Wut mit Kulisse

von Alexander Jürgs

Mannheim, 5. Mai 2018. Hier spricht das Prekariat. Überlebensgroß, die Köpfe fünf, sechs, sieben Meter hoch, neongreller Hintergrund. Per Videoprojektion lässt Volker Lösch die Pizzaboten und Putzkräfte, die Mini- und Ein-Euro-Jobber, die Zeitarbeiter und die Soloselbständigen, die freie Werbegrafikerin, die Regieassistentin, den Mann von der Security-Firma, der kaum einmal weniger als zwölf Stunden schuftet, zu Wort kommen.
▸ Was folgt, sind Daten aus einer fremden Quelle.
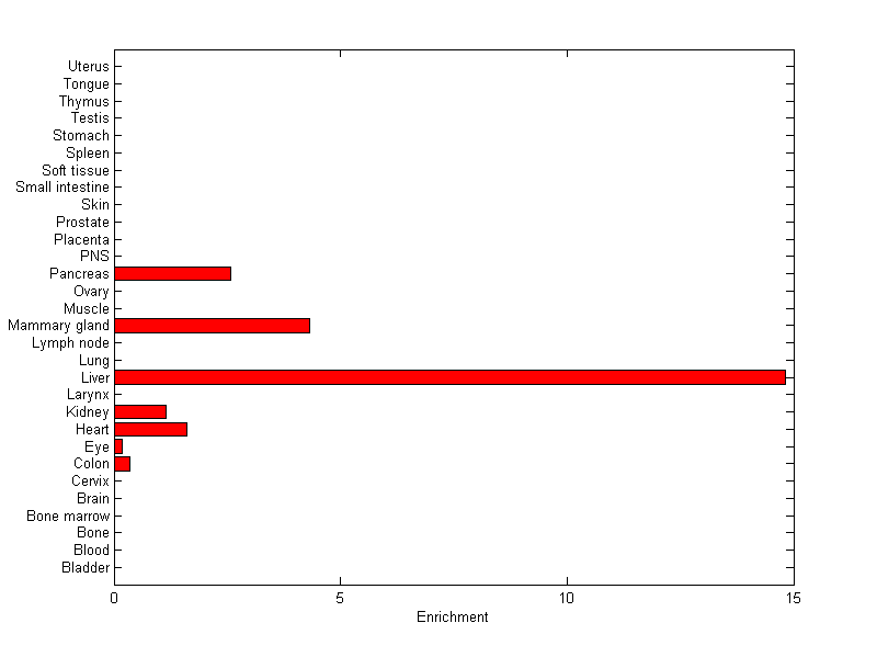 The expression level is normalized with tissue-library size. Each value for a gene in a tissue is a ratio of observed ESTs to the expected one in this tissue. The expected number of ESTs is the product of total ESTs of the gene and the fraction of total ESTs in the tissue among all ESTs in 30 tissues.
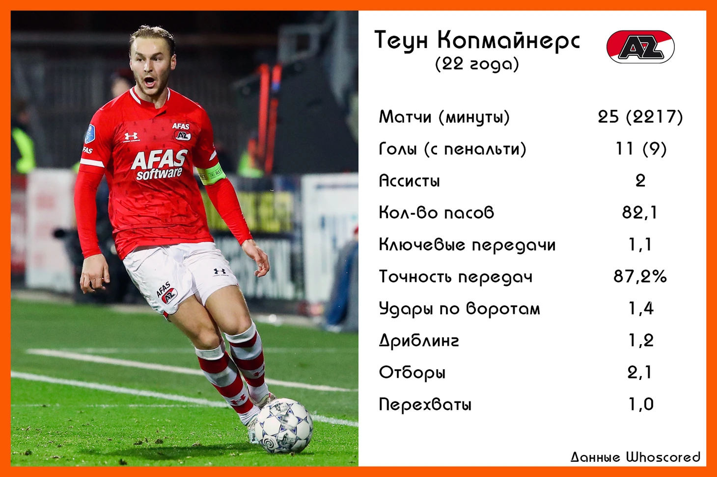 Без своей креативной «десятки» АЗ прибавил. Во многом это заслуга тренера и… Теуна Копмайнерса. Капитан «сыроваров» оказался настоящим лидером и универсалом. Выйти в центре обороны? Не проблема. Вернуться в опорную зону? Пожалуйста. По стилю – ни разу не Френки (скорее, Шёне), по универсализму и объёму работы – очень близок.
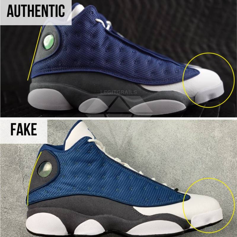 Another detail that the Jordan 13 Flint replica got wrong is the white pods on the midsole, which are incorrectly shaped. We also advise you to be wary of any loose threads sticking out, as they definitely raise suspicion about the authenticity of the pair.
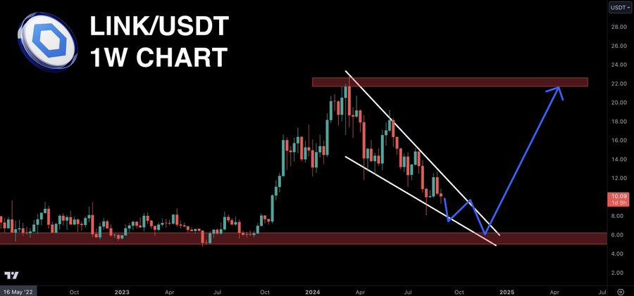 Em sua análise, Jack destacou duas condições principais que o LINK precisa cumprir para atingir US$ 22. De acordo com os analistas, a cunha descendente do LINK deve permanecer acima do nível de suporte de US$ 6.
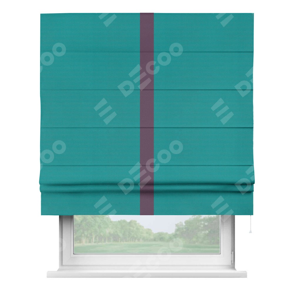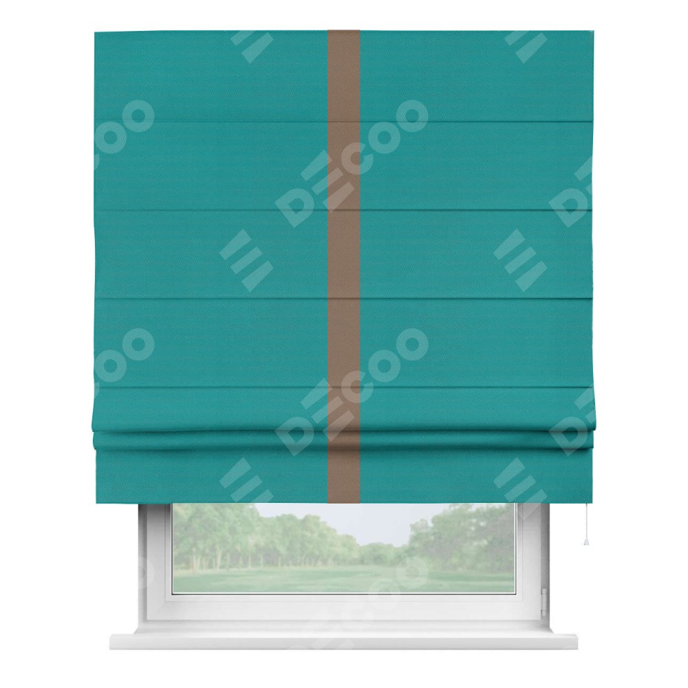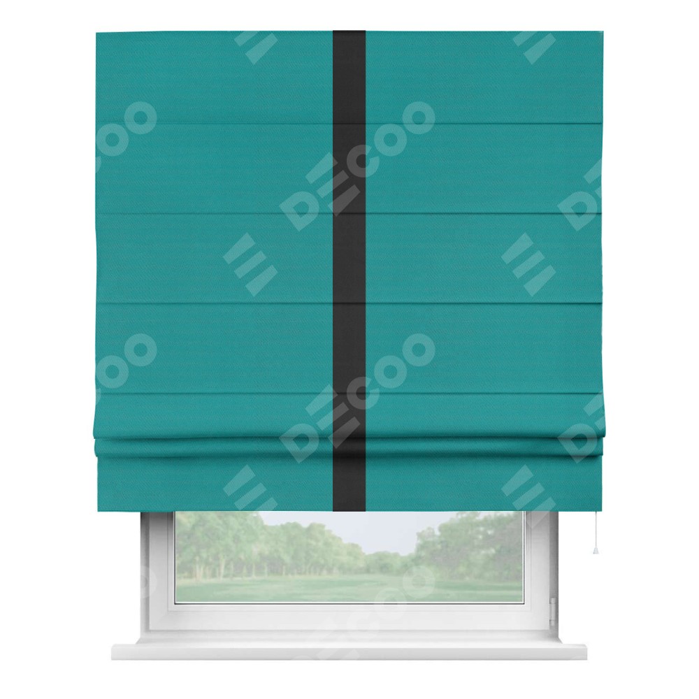 Римская штора «Кортин» с кантом Хайвэй, для проема, ткань блэкаут однотонный бирюзовый
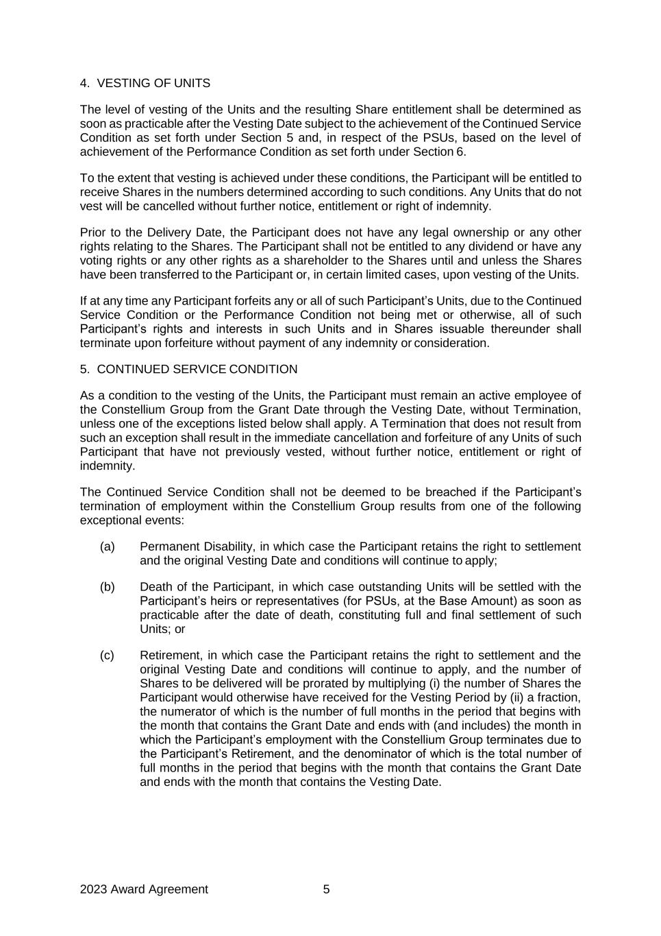 2023 Award Agreement 5 4. VESTING OF UNITS The level of vesting of the Units and the resulting Share entitlement shall be determined as soon as practicable after the Vesting Date subject to the achievement of the Continued Service Condition as set forth under Section 5 and, in respect of the PSUs, based on the level of achievement of the Performance Condition as set forth under Section 6. To the extent that vesting is achieved under these conditions, the Participant will be entitled to receive Shares in the numbers determined according to such conditions. Any Units that do not vest will be cancelled without further notice, entitlement or right of indemnity. Prior to the Delivery Date, the Participant does not have any legal ownership or any other rights relating to the Shares. The Participant shall not be entitled to any dividend or have any voting rights or any other rights as a shareholder to the Shares until and unless the Shares have been transferred to the Participant or, in certain limited cases, upon vesting of the Units. If at any time any Participant forfeits any or all of such Participant’s Units, due to the Continued Service Condition or the Performance Condition not being met or otherwise, all of such Participant’s rights and interests in such Units and in Shares issuable thereunder shall terminate upon forfeiture without payment of any indemnity or consideration. 5. CONTINUED SERVICE CONDITION As a condition to the vesting of the Units, the Participant must remain an active employee of the Constellium Group from the Grant Date through the Vesting Date, without Termination, unless one of the exceptions listed below shall apply. A Termination that does not result from such an exception shall result in the immediate cancellation and forfeiture of any Units of such Participant that have not previously vested, without further notice, entitlement or right of indemnity. The Continued Service Condition shall not be deemed to be breached if the Participant’s termination of employment within the Constellium Group results from one of the following exceptional events: (a) Permanent Disability, in which case the Participant retains the right to settlement and the original Vesting Date and conditions will continue to apply; (b) Death of the Participant, in which case outstanding Units will be settled with the Participant’s heirs or representatives (for PSUs, at the Base Amount) as soon as practicable after the date of death, constituting full and final settlement of such Units; or (c) Retirement, in which case the Participant retains the right to settlement and the original Vesting Date and conditions will continue to apply, and the number of Shares to be delivered will be prorated by multiplying (i) the number of Shares the Participant would otherwise have received for the Vesting Period by (ii) a fraction, the numerator of which is the number of full months in the period that begins with the month that contains the Grant Date and ends with (and includes) the month in which the Participant’s employment with the Constellium Group terminates due to the Participant’s Retirement, and the denominator of which is the total number of full months in the period that begins with the month that contains the Grant Date and ends with the month that contains the Vesting Date.
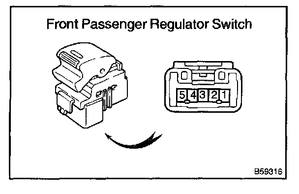 a. Inspect the front passenger's regulator switch continuity.
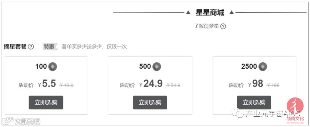 “造梦星”使用完毕后可付费购买摘星套餐,如下图所示。
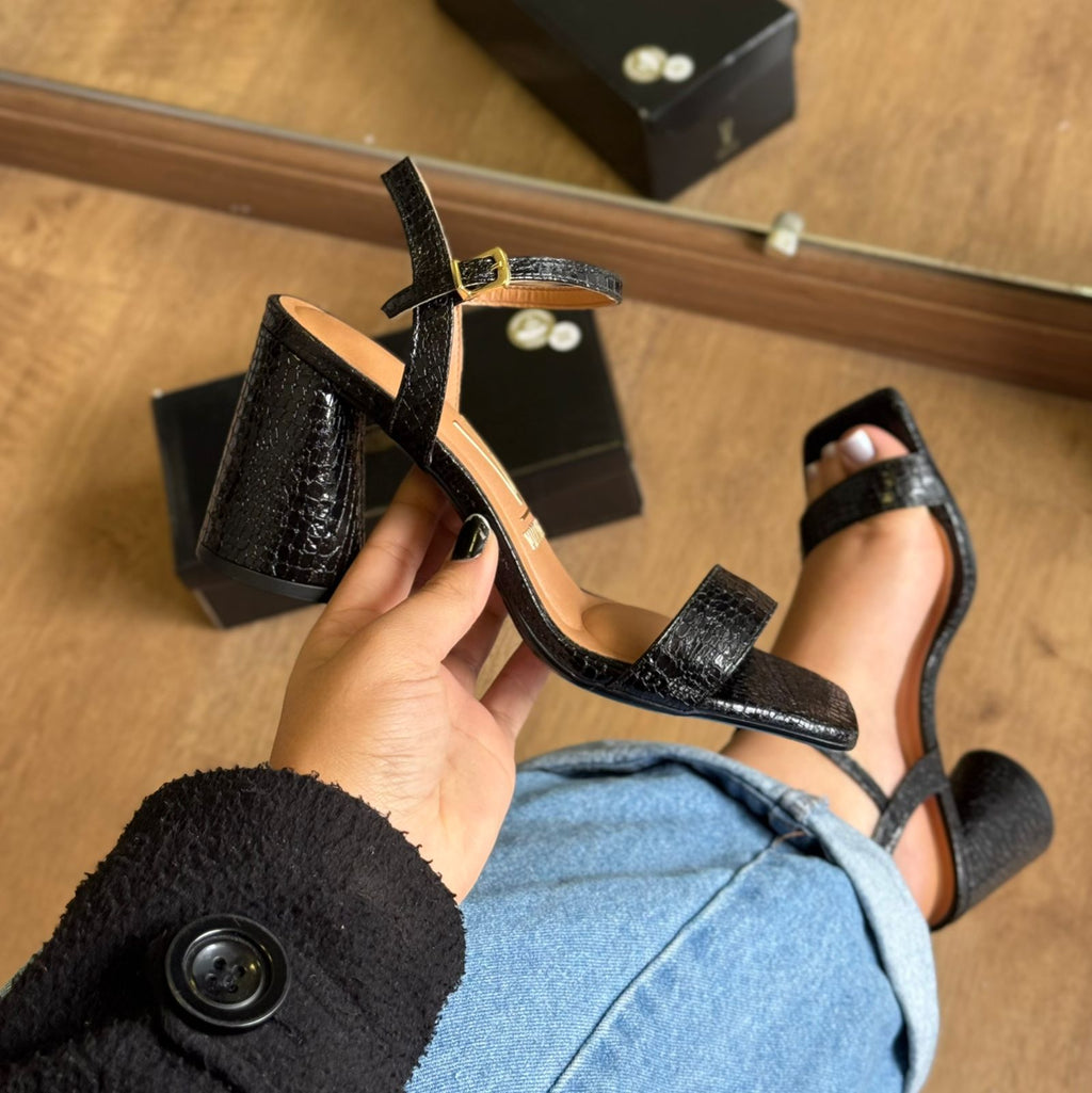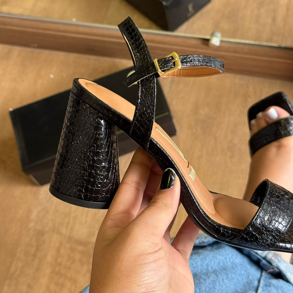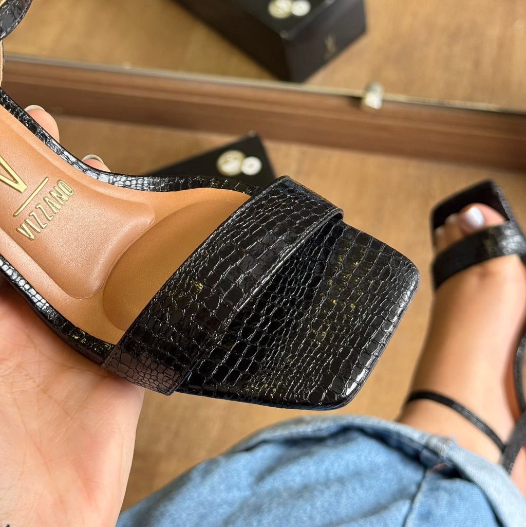 A Sandália Salto Vizzano Croco 6562.101 combina elegância e conforto com seu design sofisticado em verniz croco. O salto bloco oferece estabilidade para uso prolongado, ideal para quem busca estilo sem abrir mão da praticidade. Perfeita para compor looks formais ou casuais com um toque moderno e refinado.

Sie sprechen vom Druck bei der Arbeit, von den miesen Löhnen, von den Gängelungen durchs Jobcenter, von der Scham, am "gesellschaftlichen Leben" nicht teilhaben haben zu können, und davon, wie schwer es ist, sich gegen all diesen Mist zu organisieren. "Das Schlimme ist, dass jeder, der Vollzeit arbeitet und das Leben genießt, nicht weiß, was das bedeutet: Hartz IV", sagt eine Frau. "Hartz IV, das ist wie ein Todesurteil."

Wie immer bei Lösch also: Er greift sich ein bekanntes Stück aus dem Bildungskanon, er befragt den Stoff danach, was er mit der Gegenwart zu tun hat, er lässt in seinen Inszenierungen Laienchöre auftreten und gibt Aktivisten Raum, er bringt linke Gesellschaftskritik auf die Stadttheaterbühnen. Am Mannheimer Nationaltheater, wo er zuletzt Aischylos' "Die Schutzflehenden" mit Blick auf die Flüchtlingskrise inszenierte, hat Lösch sich nun Hans Falladas großen Arme-Leute-Roman "Kleiner Mann, was nun?" (1932 von Ernst Rowohlt erstmals veröffentlicht, schnell ein Welterfolg) vorgenommen.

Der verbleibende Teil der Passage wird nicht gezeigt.